Tuesday, January 24, 2012

The Good Point: Joe Paterno - Legacy or Lunacy?

When Joe Paterno died, the easy reach was to was say he was killed by the scandal that enveloped Penn State, or to say he was hounded by an irate media. I'm not sure what the proper response is: he was a man with a mythic legacy. Being a head football coach at any major Division One school is as close to having a Supreme Leader as North America gets; as a society we give these people the mythic qualities that the poet Virgil gave to Aeneas. 

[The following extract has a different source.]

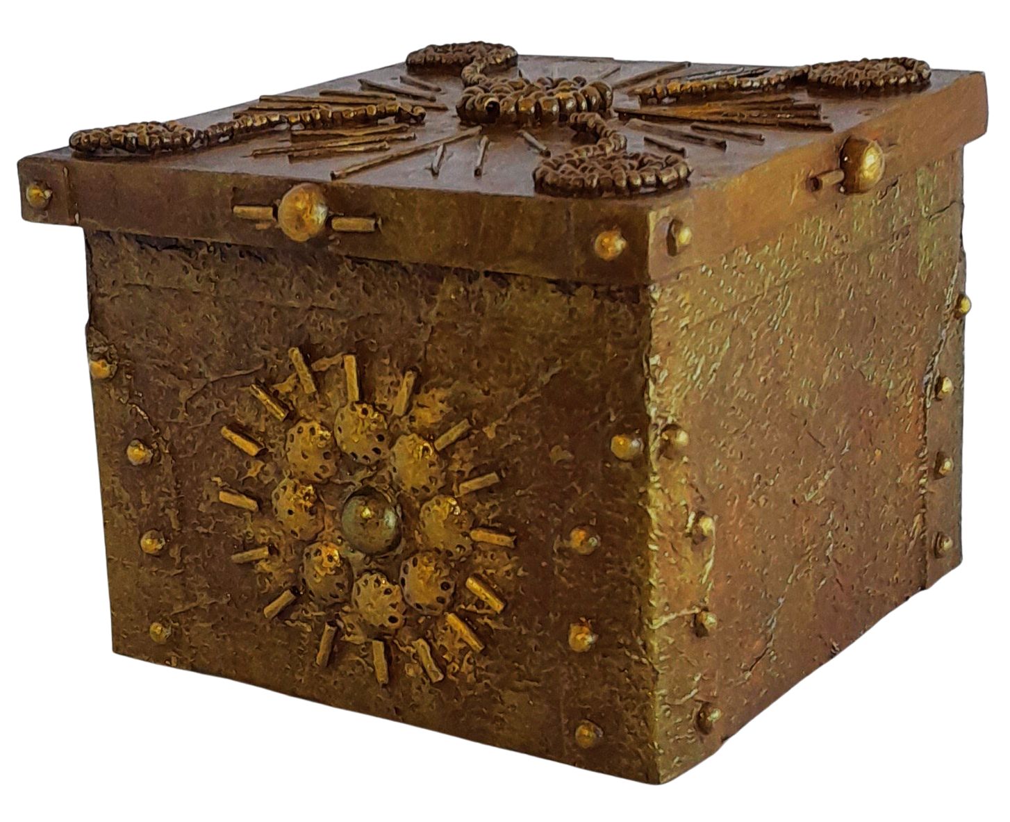 Caixinha baú decorada confeccionada com placas feitas de sobra de papelão de embalagem, tampa imantada, pequenos detalhes feitos com miçangas, canutilhos e meia pérolas. Pode ser usada como porta joia, guardar pequenas peças ou simplesmente como objeto de decoração. Peça exclusiva.

Given that Paterno was a student of Virgil, comparing him to ancient tragedy seems apt: his career ended from his own mistake, one transgression so odious it should overshadow everything else. From The Good Point:


Joe Paterno died on Saturday evening at the age of 85. He was coach of Penn State’s football program between 1966 and 2011, a span of 45 years. He both appeared in and won more bowl games than any other coach.
Yet he’ll be remembered for something else completely.
When someone is part of a program for as long as Paterno was at Penn State, the immediate question is one of legacy. It’s a fair question: he was a coach for a long time; his teams went undefeated five times, won three Big 10 championships and two national championships. His career, as a whole, is one of the better coaching careers in all of sports, not just college football.
And it’s all going to be overshadowed.